Reprodução redes sociais

Escrevi nesta quinta-feira, 3 de outubro, a nota mais triste em quase 15 anos de profissão. Acostumado a lidar com as mais diferentes tragédias, não adquiri o amadurecimento e a força necessária para noticiar a morte repentina de um amigo. Conheci o Hércules Santos na faculdade, onde ele já se diferenciava pelo senso crítico, visão de mundo, humildade e, é claro, pela voz marcante. 

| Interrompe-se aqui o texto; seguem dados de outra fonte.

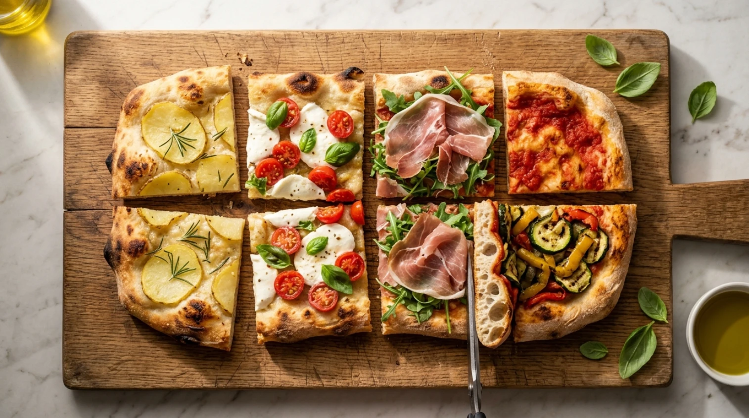 Pizza bianca al taglio to wersja bez sosu pomidorowego – tylko ciasto, oliwa i sól morska – podczas gdy pizza rossa pokryta jest prostym sosem z pomidorów pelati jako bazą dla dalszych składników. Te dwa style stanowią fundament tradycji pizzy al taglio w Rzymie.

Formamos em 2005 e, desde então, parte da nossa turma nunca mais se separou. E, graças a Deus, o Hércules faz (e sempre fará) parte dessa família. São 14 anos de muitos churrascos, encontros, casamentos (inclusive o dele com a Dani), nascimentos, aniversários, problemas, conselhos e tudo que envolve amigos de verdade. Hércules sempre será exemplo. Humilde, competente, humano, batalhador, família, ele sempre foi um dos mais animados do grupo. Só perdia um encontro da turma em razão de compromisso profissional. 

Sempre foi muito alegre. Mas, como bem disse meu amigo Breno Pratezi, parecia viver um dos melhores momentos. Além da felicidade proporcionada pelos filhos Ulisses (1 ano) e Bernardo (3 anos) e pela esposa Daniela, virou narrador oficial do Atlético na Rádio Super Notícia. Talvez por isso tudo tenha sido tão difícil escrever dois, três parágrafos sobre a morte dele. 

Que pancada a vida nos deu. Mas é preciso continuar, erguer a cabeça e seguir firme. É assim que Hércules fazia e é assim, tenho certeza, que a nossa turma de jornalismo vai fazer. Por ele, pela Dani, pelo Ulisses, pelo Bernardo, pela mãe Beatriz e por nós. 

Em uma postagem recente na rede social, Hércules citou o pai Paulo Gervásio, que morreu há 35 anos e tinha o sonho de ser narrador. "Taí, pai, começamos a nos encontrar de novo", escreveu Hércules.

Que dupla de narradores papai do céu tem ao seu lado agora.